In the years after WWII, empirical social science, especially but not exclusively in North America, came to be dominated by what Andrew Abbott has labeled Standard Causal Analysis (SCA; Abbott, 2004). Social network analysis (SNA) was one of the intellectual movements, others including the interpretive turn in anthropology and other forms of postmodernism, that rejected its fundamental assumptions about the nature of human society.

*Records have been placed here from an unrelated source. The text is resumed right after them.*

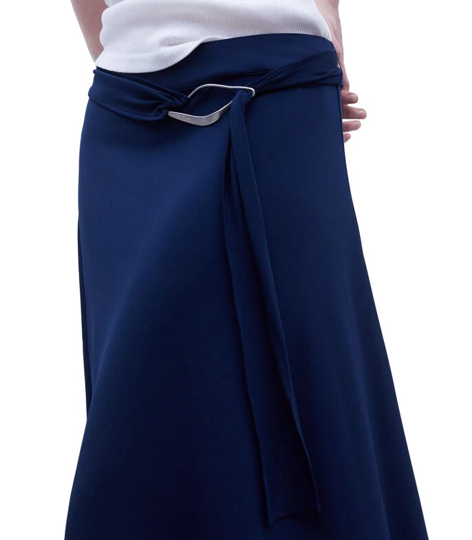 Falda Maxi Adolfo Dominguez; elaborada en tejido plano con detalle de cinturón fijo en cintura con sutil hebilla metálica y cierre de lágrima detrás.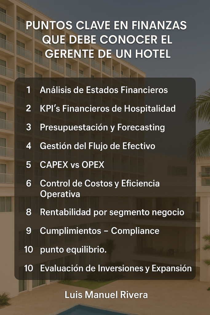 10 Puntos clave en Finanzas que debe conocer el Director o Gerente de un Hotel.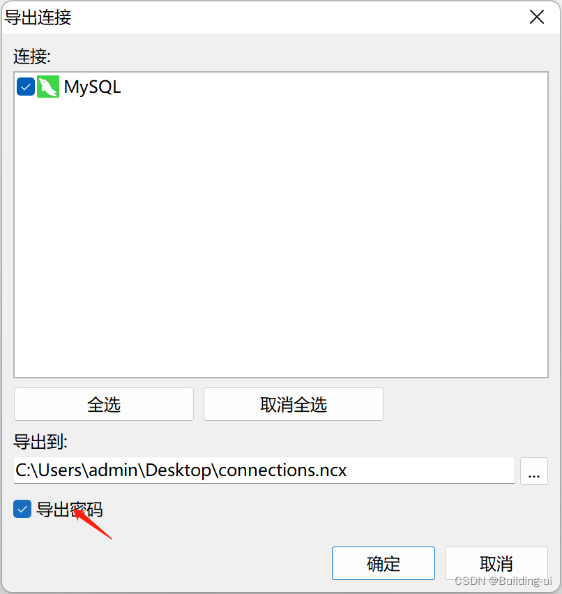 在弹出的页面选择需要导出的连接,一定要勾选导出密码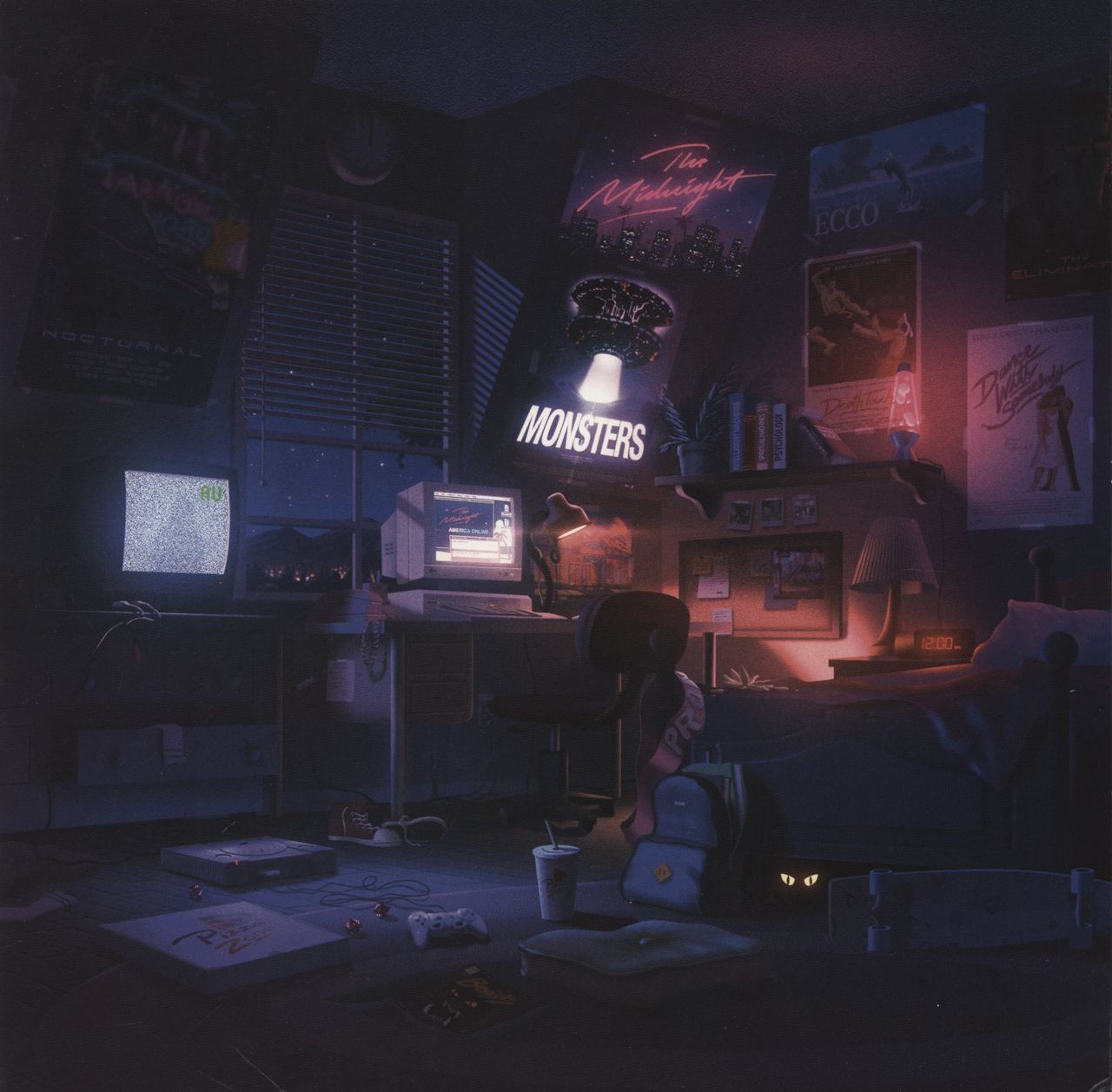 THE MIDNIGHT Monsters (2021 US limited edition 15-track double LP, with gatefold picture sleeve and printed inners, pressed on Clear with Purple Splatter Vinyl , the third studio album from the US-based duowho produce an '80s influenced combination of Synthwave, Dreamwave & Retrowave; including the singles America Online, Deep Blue, Dance With Somebody and Prom Night. The sleeve has a bump to the bottom right corner and one of the inners shows a couple of pressue marks. The vinyl remain in Near Mint condition COUNT198)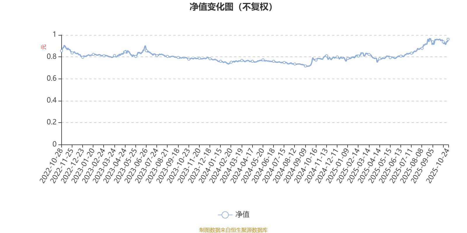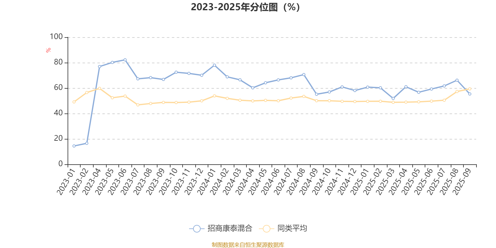 通过所选区间该基金净值增长率分位图,可以观察该基金与同类基金业绩比较情况。图为坐标原点到区间内某时点的净值增长率在同类基金中的分位数。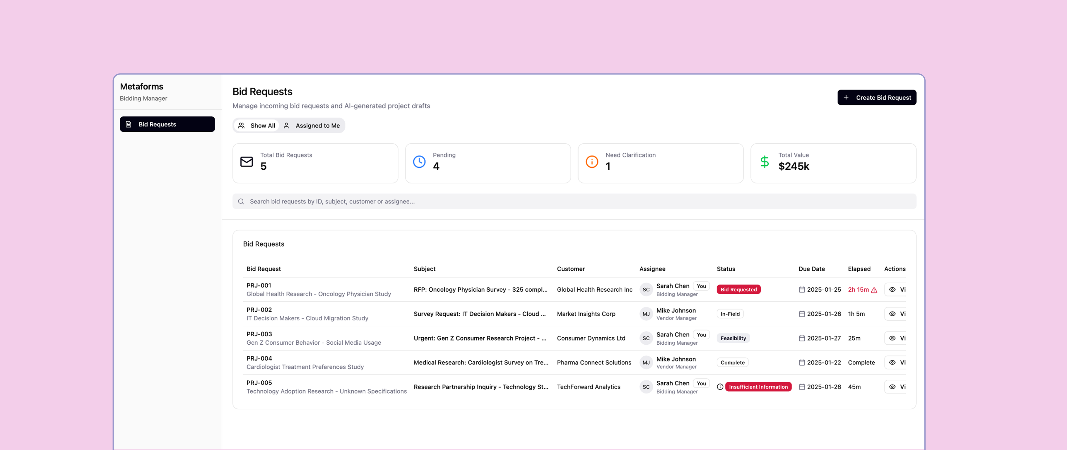 Bidding management with Metaforms.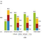 Kadın personelde ise en yüksek pay yine lisans mezunlarına ait olup, bu oran %68,7’dir. Kadın çalışanlarda yüksek lisans mezunları %11,2 ile ikinci sırada yer almakta, bunu lise ve dengi (%7,6), meslek yüksekokulu (%6,3), doktora veya eşdeğeri (%3,2) ve diğer (%3,0) takip etmektedir.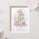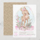 Invitación de baby shower de cierva con adorable cierva bebé con lazo rosa en un bonito fondo floral pastel y brillo dorado. Esta linda invitación de baby shower de ciervo se personaliza fácilmente para su evento.
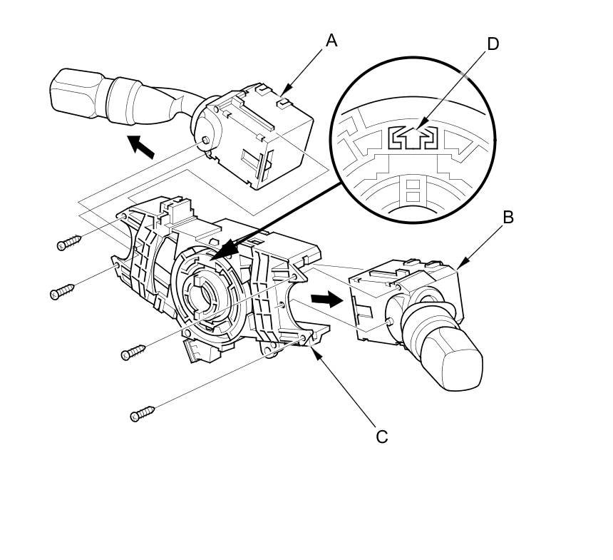 NOTE: When installing the cable reel, set the turn signal canceling sleeve position so that the arrow points (D) straight up.

Pragmatically, SCA aimed to identify the levers required by social engineering. Conceptually, it saw society as the outcome of forces operating in a way fundamentally similar to those envisioned by physicists in classical mechanics. These forces impinged on human objects (individuals or groups), and compelled them to move in particular directions. It was imagined, for example, that a particular combination of forces labeled “race,” “gender,” and “income” would necessarily determine the direction of a woman’s life. Those who objected to that direction could, then, alter it by changing one or more of the forces in question.

The problem was how to identify the forces and measure the weight with which they impinged on the human object. The favored method was a large-N statistical analysis of randomly sampled data whose output is epitomized by regression lines, i.e. vectors,a.k.a., directions, straight lines from point A to point B, constructed by optimizing the weightings of the forces (other vectors) supposed to impinge upon them. Since the subjects who answered the survey questions were usually individuals, this method was also highly compatible with envisioning an ideal outcome in which democracy (votes by individuals) and market forces (consumer choices by individuals) would aggregate to form the forces that would, via negative feedback, keep that society in stable equilibrium.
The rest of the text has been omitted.